Python PyQT/PySide QThread limiting

ghz 昨天 ⋅ 1 views

I have problem with thread limiting. I want to do it using QThread. So SpiderThread is QThread object crawling some urls. But I want to limit working threads to X threads at once. I have done it earlier with threadpool and QRunnable but it's buggy in pyside when numbers of urls are big. So I have this simple code:

 self.threads = []
    for url in self.urls:
        th = SpiderThread(url)
        th.updateresultsSignal.connect(self.update_results)
        self.threads.append(th)
        th.start()

Anyone have working example of limiting threads using QThread ?

Answer

To limit the number of concurrent threads using QThread in PySide (or PyQt), you can use a thread pool approach with QThreadPool and QRunnable. However, you can still accomplish thread limiting using QThread by manually controlling the number of active threads.

Here is a basic approach to limit the number of threads using QThread:

Key Concepts:

  1. QThreadPool – This will handle limiting the number of running threads by setting the maximum thread count.
  2. Semaphore – A semaphore can be used to limit the number of concurrent threads. We can use it as a counter to allow only a certain number of threads to run at the same time.

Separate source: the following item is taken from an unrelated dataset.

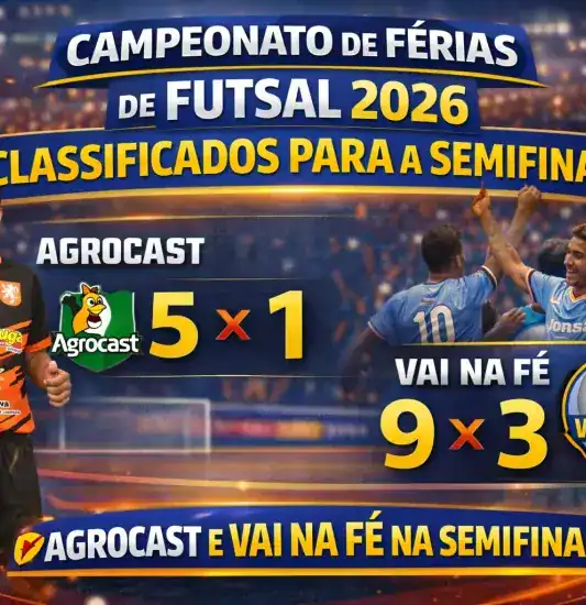 Campeonato de Férias de Futsal 2026 tem noite decisiva nas quartas de final com vitórias da Agrocast Rações e do Vai na Fé, que garantiram vaga na semifinal em Castilho.

Here's a simplified example of limiting the number of threads to X using QThread:

Step-by-Step Solution:

import sys
from PySide6.QtCore import QThread, Signal, Semaphore
from PySide6.QtWidgets import QApplication, QWidget, QVBoxLayout, QPushButton

# Create a custom QThread for crawling
class SpiderThread(QThread):
    # Signal to send updates (e.g., results from crawling)
    update_results_signal = Signal(str)

    def __init__(self, url, semaphore):
        super().__init__()
        self.url = url
        self.semaphore = semaphore

    def run(self):
        # Simulate some crawling work (e.g., downloading or parsing the URL)
        # Acquire the semaphore to ensure that only X threads run concurrently
        self.semaphore.acquire()
        
        try:
            # Simulate work (replace with actual crawling code)
            print(f"Crawling {self.url}...")
            self.update_results_signal.emit(f"Result from {self.url}")
        finally:
            # Release the semaphore once the work is done
            self.semaphore.release()

# Main window
class MainWindow(QWidget):
    def __init__(self):
        super().__init__()

        self.urls = ["http://example.com", "http://example.org", "http://example.net"]  # List of URLs
        self.max_threads = 2  # Limit the number of concurrent threads

        self.semaphore = Semaphore(self.max_threads)  # Semaphore with a maximum count of X threads

        self.init_ui()

    def init_ui(self):
        layout = QVBoxLayout()

        self.start_button = QPushButton("Start Crawling", self)
        self.start_button.clicked.connect(self.start_crawling)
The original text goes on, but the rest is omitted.